Creating and Running Data Processing Task
This tutorial uses the sample dataset file data_sample.jsonl
to demonstrate DataFlow’s data processing capabilities. Supported dataset formats include: jsonl
, json
, parquet
, csv
, txt
, tsv
, and jsonl.zst
.
DataFlow Entry Points
DataFlow offers two entry points on the CSGHub platform for efficient data management:
- Entry 1:
In the
dataflow-dataset
repository and clickData Processing
button to create a task.Note: Make sure the dataset is under your personal repository; otherwise, the "Data Processing" button will not be available.
- Entry 2:
Access DataFlow from the
Data Pipelines
option under your avatar.
Creating a Data Processing Task
When entering through Entry 1, the Data Source
field is pre-filled. If using Entry 2, you will need to select it manually.
There are two types of data processing tasks: operator-based and tool-based.

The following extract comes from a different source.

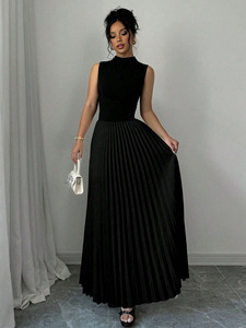 女士纯色立领百褶裙无袖优雅长款女装连衣裙

Operator-based tasks Fill in the task name, data source and branch, then select an algorithm template. You can also adjust operator parameter settings as needed.
Tool-based tasks Fill in the task name, data source and branch, then select a tool. Different tools require different parameter configurations; you can adjust them as needed.
Viewing Task Details
After completion, click Details to view the task's status and results.
- Processing Details: Displays operator information, running status, and processed data volume for each step.
- Session Processing Result: Compare session data before and after processing to analyze performance.
- Task Log: View complete logs to track execution steps. Logs can be downloaded for further analysis.